▶ _Task statement_
Which lines below fall between the one containing "ピンクリボン強化月間の10月" and the one containing "Unsere Küchen sind"? Repeat them exactly, counting both of those lines, and add nothing else.

▶ _Provided records_
============================================================
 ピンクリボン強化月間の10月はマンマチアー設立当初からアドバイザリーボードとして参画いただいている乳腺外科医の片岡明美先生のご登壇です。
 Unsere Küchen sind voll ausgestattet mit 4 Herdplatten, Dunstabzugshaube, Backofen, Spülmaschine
============================================================
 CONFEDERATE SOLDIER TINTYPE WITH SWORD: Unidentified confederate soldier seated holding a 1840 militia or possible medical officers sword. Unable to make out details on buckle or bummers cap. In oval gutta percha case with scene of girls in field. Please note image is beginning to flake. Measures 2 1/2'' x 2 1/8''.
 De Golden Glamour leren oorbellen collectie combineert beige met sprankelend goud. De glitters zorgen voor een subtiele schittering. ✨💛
============================================================
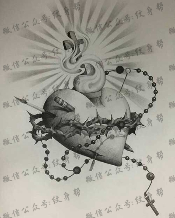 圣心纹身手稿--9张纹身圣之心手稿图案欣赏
============================================================
▶ _Task output_
 ピンクリボン強化月間の10月はマンマチアー設立当初からアドバイザリーボードとして参画いただいている乳腺外科医の片岡明美先生のご登壇です。
 Unsere Küchen sind voll ausgestattet mit 4 Herdplatten, Dunstabzugshaube, Backofen, Spülmaschine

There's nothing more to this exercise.